Read the full piece in New York Focus
Monroe County, home to Rochester, has been without a top public defender for more than 230 days. There has been no shortage of candidates to fill the position, including several with extensive experience in the public defender’s office, which represents people who can’t afford their own lawyers in criminal and family court. But a struggle in the county legislature, the body tasked with filling the position, has led to an impasse.
At the center of the struggle is Sabrina LaMar, the legislature’s president and current ringmaster of an ideologically fluctuating Rochester political faction. LaMar, a Democrat who elbowed her way into the president’s seat by forging an agreement with Republicans, has owned the appointment process. She created the committee tasked with whittling down the candidate pool and chose most of its members. She has portrayed the final hiring decision as hers to make unilaterally, even though it requires a majority vote in the legislature. She has misconstrued complaints against public defenders to boost her preferred nominee. And she has delayed putting her nominee up for a vote — the two finalist candidates were announced four months ago — as he likely doesn’t have enough support among her colleagues in the legislature.
The nominee, Buffalo-based attorney Robert Fogg, also lacks support from rank and file public defenders — in considerable part because he is LaMar’s pick, which strips him of the benefit of the doubt and raises fears that he will disrupt the fine-tuned operations of their widely respected office, or even compromise its independence. LaMar and her selection committee have done little to allay public defenders’ worries: They’ve largely shut them out of deliberations and offered little insight into Fogg’s ideas about public defense and plans for the job.
Eight current and recently former public defenders who spoke to New York Focus explained how the politically charged appointment process has fostered widespread mistrust of Fogg and bred an atmosphere of cynicism and resentment within their office. It especially didn’t help when, at a press conference announcing Fogg’s nomination, LaMar unequivocally bashed the public defenders, accusing them of a “lack of compassion, empathy, and understanding.”
Many of the public defenders expressed concern about the ongoing turmoil’s effects on their office’s ability to retain staff and hire for its more than 20 open attorney positions. Attracting talent to western New York is already difficult, they said, and uncertainty over the next head of the chronically underfunded 170-person office — which represents more than 15,000 people a year — is making it an even taller task. Across the country, unsustainably high caseloads and overwork are leading public defenders to burn out and quit.

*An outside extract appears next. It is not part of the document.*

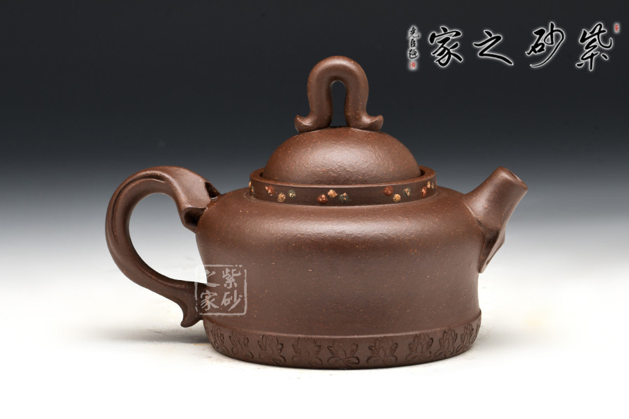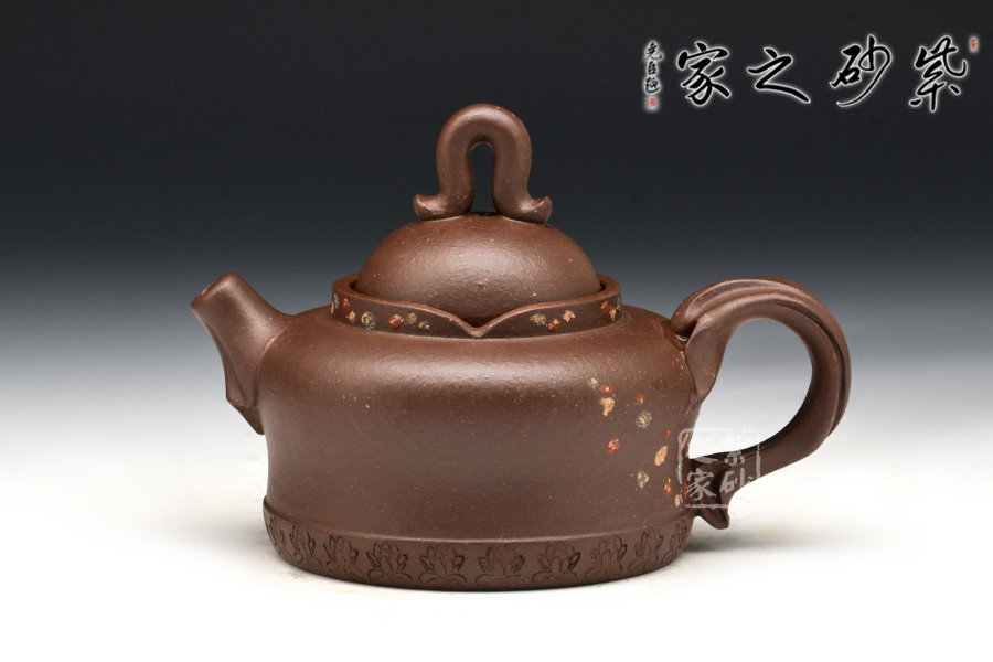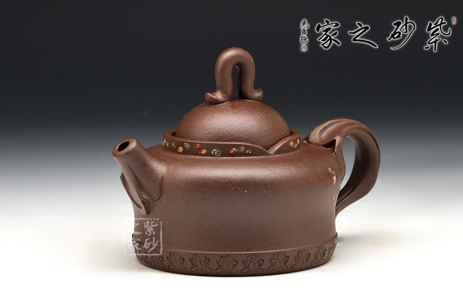壺身大方挺直,豐潤飽滿,以荷花刻繪裝飾壺底,細(xì)膩生動的筆觸,更增添了整器的雅意與韻味。壺頸仿旗袍之立領(lǐng),優(yōu)雅別致,以貼塑花點作為裝飾,及壺身側(cè)面也覆著點點小花,靈秀清麗之姿美妙動人。壺鈕作古代女子發(fā)髻狀,古雅十足,美妙動人,不禁感嘆作者之妙思。壺嘴與壺把皆以婉雅的曲線自然舒展,不囿于形,而走其韻,流動暢然的旋律讓人為之動容。

“People research the office before applying, and they’re like, ‘What’s going on with the public defender position — all this controversy?’” said Gabriela Wolfe, who worked at the public defender’s office and was on its hiring committee until last month. “In order to be as competitive as possible, we need to have our house in order.”
The situation has exacerbated years-old tensions simmering in Rochester and Monroe County, and reveals the extent to which the local politics are hung up on deep distrust and sectional power wrangling — even when it comes to what is in many other municipalities a routine, uncontentious appointment. Fogg is caught in the middle of these tensions, which have already eaten up about a third of the next public defender’s first two-year term.
Further complicating the appointment battle is LaMar’s assertion that Monroe County needs a Black top public defender. (Fogg is Black. The other finalist for the position, who has worked in the office for 28 years and is serving as an interim manager, is white.) While most of her opponents agree that there is a need for more public defender diversity, they question how LaMar — who has falsely asserted that Fogg would be the county’s first person of color in the top public defender job — is going about providing it.
“I’m a Black woman attorney. I’ve had to deal with people thinking I’m the diversity hire, or I’m the diversity scholarship,” said Natalie Ann Knott, who worked in the public defender’s office from 2017 to December 2021. “To see Black political leadership making that nightmare a kind of reality — what kind of employment standards is the county being held to?”
Public defenders said they have called, emailed, and sent letters expressing their concerns to LaMar’s office and to the selection committee she assembled, to no response. They’ve become so perturbed by the appointment process that, this week, they announced their intention to form a union, organizing “to prevent their office from being used as a political pawn in local political conflicts.”
After requesting an interview with LaMar, New York Focus received a call from her special assistant, Vincent Felder, who rebuffed criticisms. “The fact is, we got the best candidate possible for the job, and all these other things are being brought in to obscure that,” he said. Felder asserted that politicization and an insular public defender’s office are what have tarnished the appointment process.
“We’re caught in the middle of some kind of political gunfire here with Sabrina LaMar,” said one veteran public defender, who asked to remain anonymous because staff aren’t permitted to speak to the press. “She’s making our lives a living hell.”